# [Task to complete]
In the listing below, find the line with "Maniglia - acciaio" and copy every line from there up to and including the line with "Bee Bee Kids幼兒學前預備小組(4月)", exactly and without pictures.

# [Provided information]
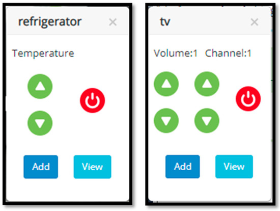 Figure 15 presents a template of the proposed web interface. The dashed boxes indicate bounding boxes for the detected IoT devices. According to the coordinates data passed from the vision server, the web interface adds each of the bounding boxes on the video stream view. The bounding boxes only have a click event handler to open a smart controller and they are not visualized on the video view when initialized. If a user clicks the area of a bounding box, its corresponding smart controller appears on the view. The solid line box of Figure 15 represents the template for a smart controller and Figure 16 depicts the rendered smart controllers for refrigerator and TV device types. The buttons for device properties and operations are rendered according to the specifications retrieved during the device configuration step. Finally, the web interface for rule composition (i.e., adding a new rule or viewing a list) is also rendered according to the device ID delivered from the IoT platform server.
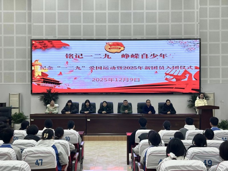 为纪念“一二·九”运动九十周年,弘扬伟大爱国主义精神,引领广大青年坚定理想信念,矢志不渝跟党走,成都石化工业学校(彭州市技工学校)于近日分南、北校区举行纪念“一二·九”运动暨新团员入团宣誓仪式。活动现场庄严热烈,114名新团员在师长的见证下,光荣加入中国共产主义青年团。
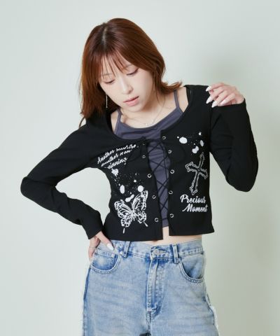 《編み上げ×レイヤード風》Y2Kロゴカットトップス のレビューを書く
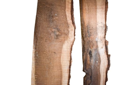 Two long seasoned planks of wood. With live edges, largest L257cm.
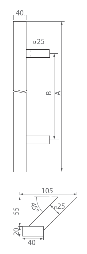 Maniglia - acciaio inox spazzolato AISI304, NERO GS-BLACK/M6-20x40-1200-45
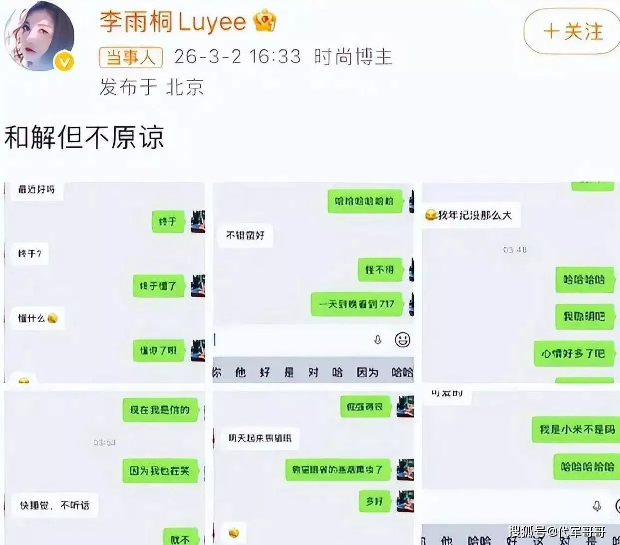 2025年,事件出现戏剧性反转,李雨桐在直播中公开表示,自己已与薛之谦达成和解,不仅称赞薛之谦“人很好”“值得喜欢”,还主动为其新歌宣传,与此前激烈控诉的态度形成鲜明反差,当时网友普遍认为两人近十年的恩怨已彻底了结。然而,这份“和解”并未持续太久,2026年3月2日,李雨桐突然再度在微博实名喊话薛之谦,态度彻底反转,言辞激烈地放狠话“今天我就一个个公开所有的真相”“君子报仇,十年不晚”,再度点燃这场跨越十年的恩怨。
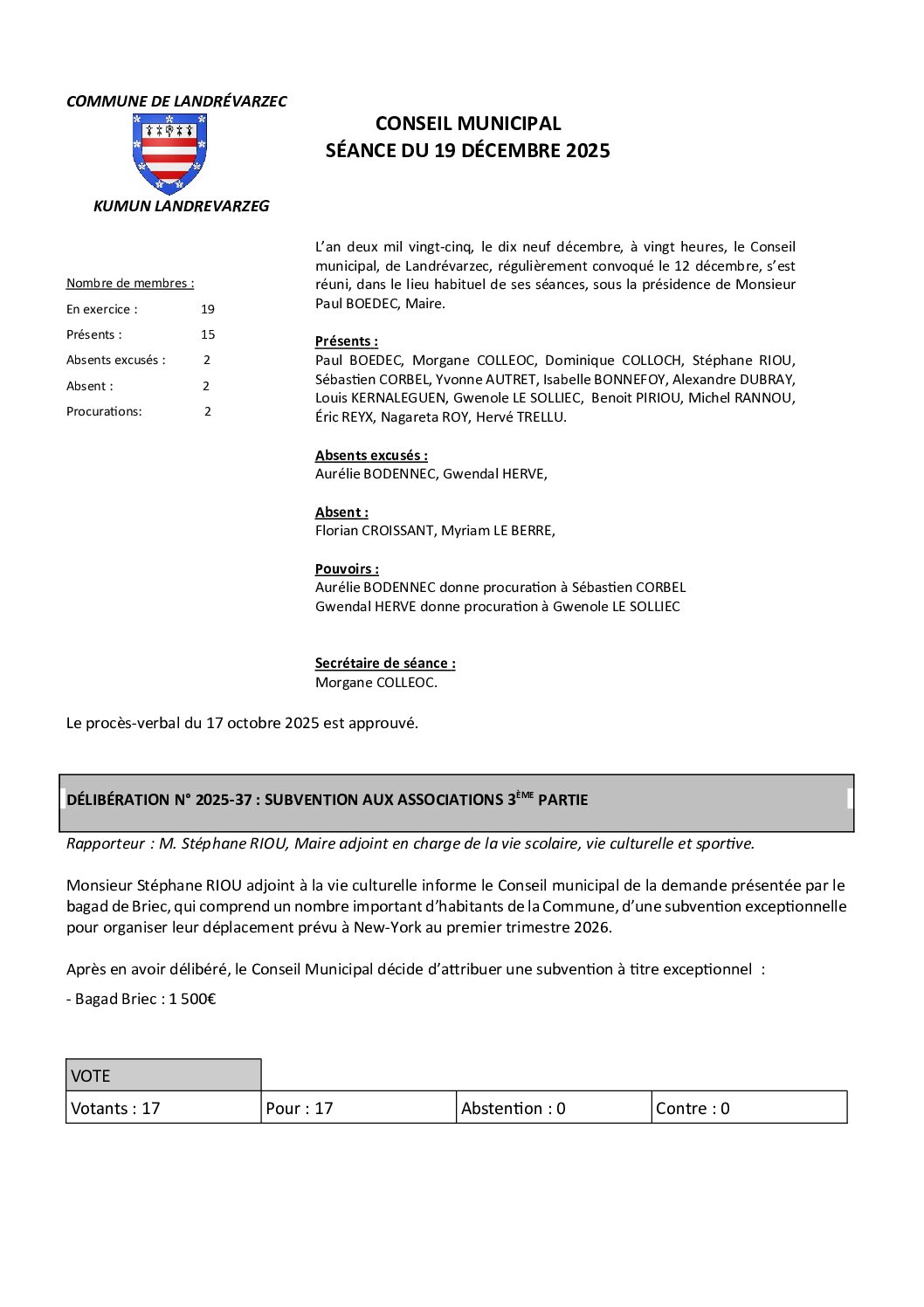 • Conseil municipal
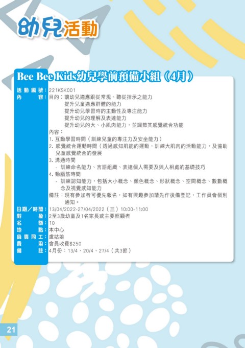 Bee Bee Kids幼兒學前預備小組(4月)
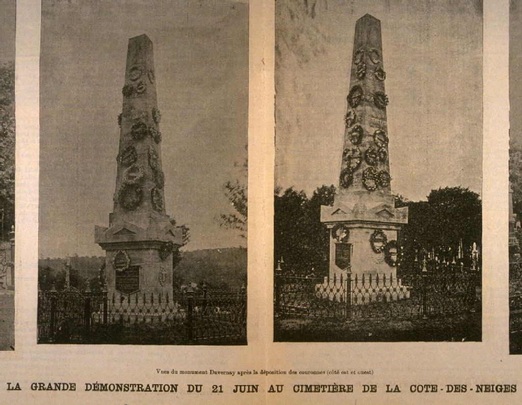 La grande démonstration du 21 juin au cimetière de la Côte-des- Neiges Vues du monument Duvernay après la déposition des couronnes (côté Est et Ouest) /
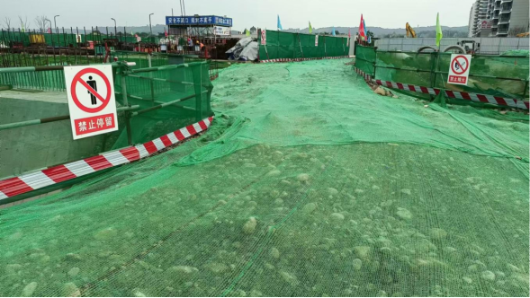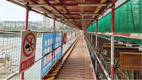 走进调元大桥施工现场,一幅幅安全文明施工的画卷映入眼帘:围挡外侧绿意盎然,环境整洁;工地内部材料堆放井然,施工便道早晚冲洗,保持清爽;进出车辆必经三级清洗,彻底“净身”而出;办公区、生活区、施工区界限分明,秩序井然;建筑工人身着统一制服,操作规范,尽显专业风范。
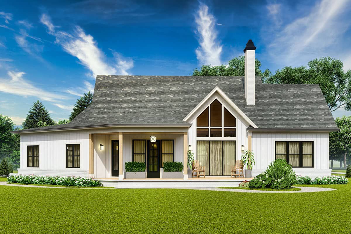 At the rear, a covered patio opens to an open-air space, integrating indoor living with outdoor relaxation.
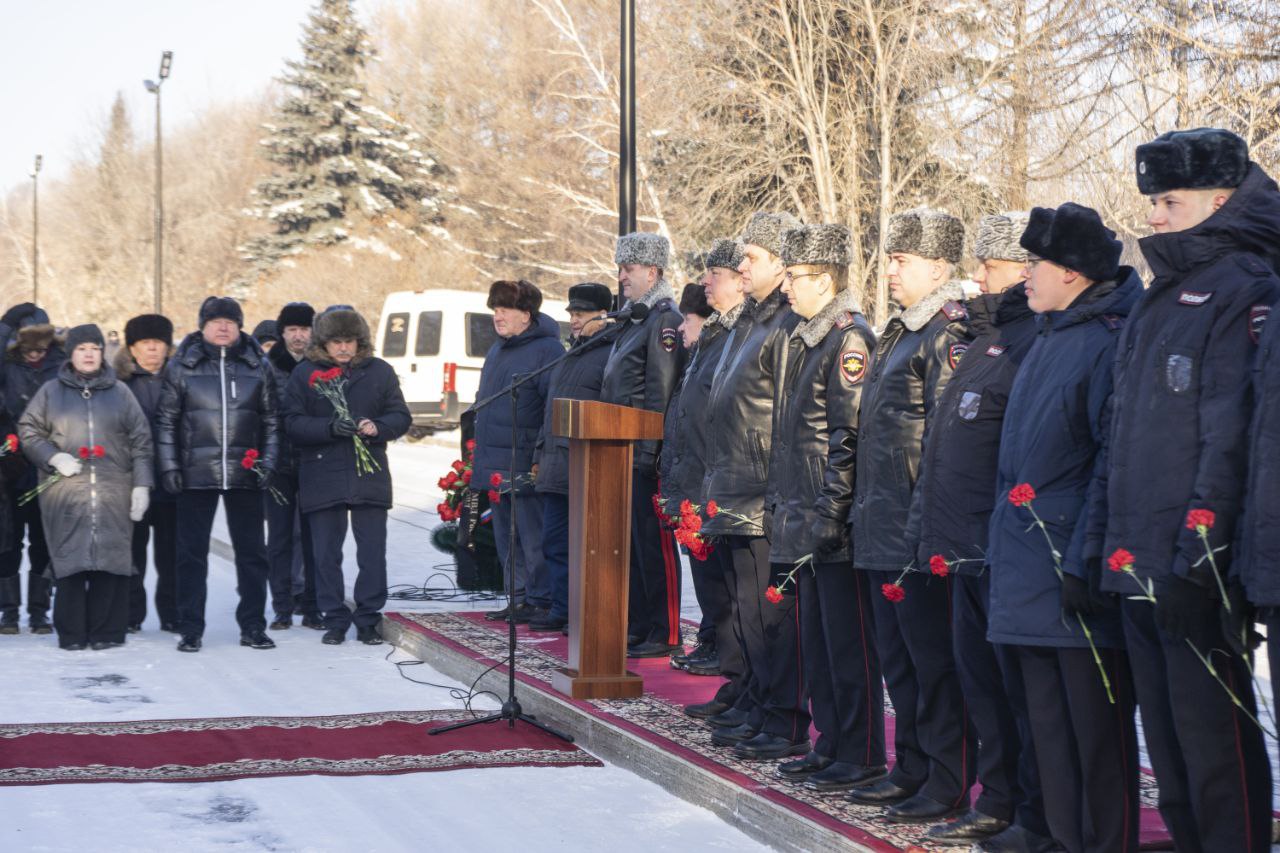 Полицейские почтили память ветерана и возложили цветы к мемориалу.
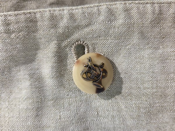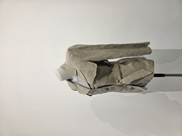 HERMES Paris. Veste en coton et lin chiné beige, d'esprit saharienne, col cranté, simple boutonnage en manches longues, deux importantes poches plaquées sous rabat à la poitrine, ceinture, deux poches en biais. Usure.
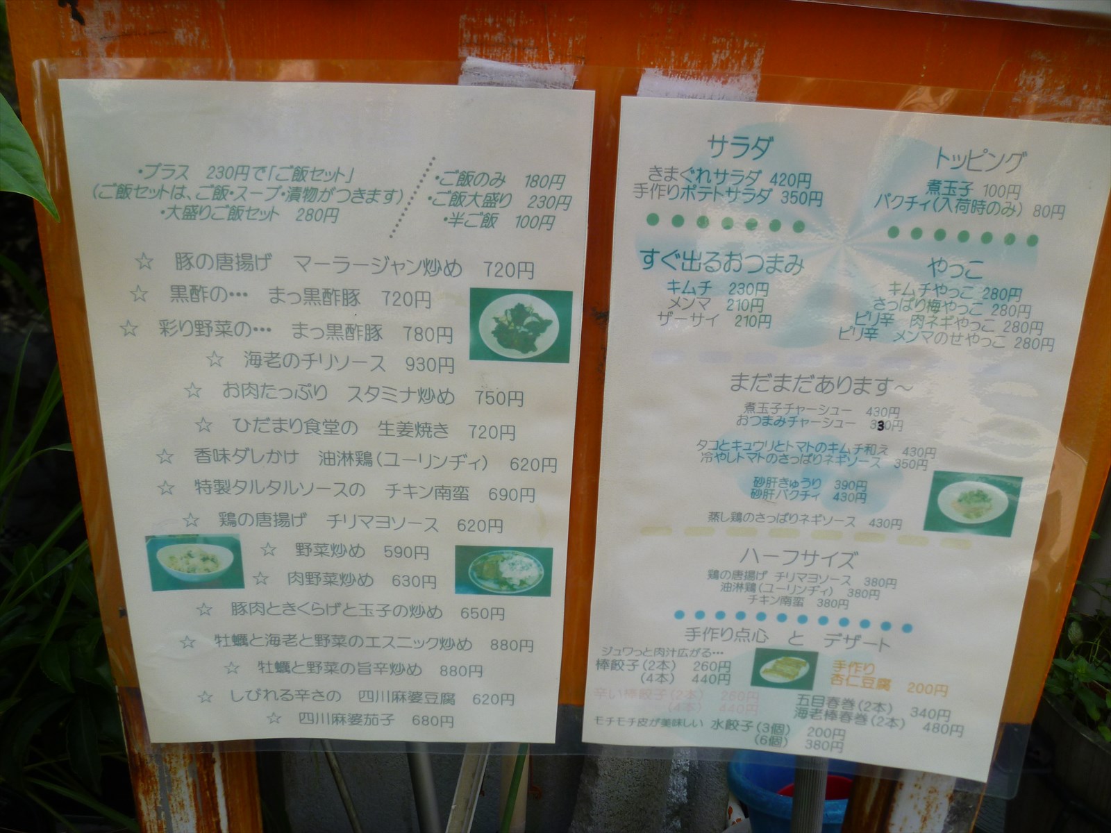 夜メニューも店頭にあったんで参考までに。おそらくはこれ以外にもあるんだろうと推察できます。

# [Output]
 Maniglia - acciaio inox spazzolato AISI304, NERO GS-BLACK/M6-20x40-1200-45
 2025年,事件出现戏剧性反转,李雨桐在直播中公开表示,自己已与薛之谦达成和解,不仅称赞薛之谦“人很好”“值得喜欢”,还主动为其新歌宣传,与此前激烈控诉的态度形成鲜明反差,当时网友普遍认为两人近十年的恩怨已彻底了结。然而,这份“和解”并未持续太久,2026年3月2日,李雨桐突然再度在微博实名喊话薛之谦,态度彻底反转,言辞激烈地放狠话“今天我就一个个公开所有的真相”“君子报仇,十年不晚”,再度点燃这场跨越十年的恩怨。
 • Conseil municipal
 Bee Bee Kids幼兒學前預備小組(4月)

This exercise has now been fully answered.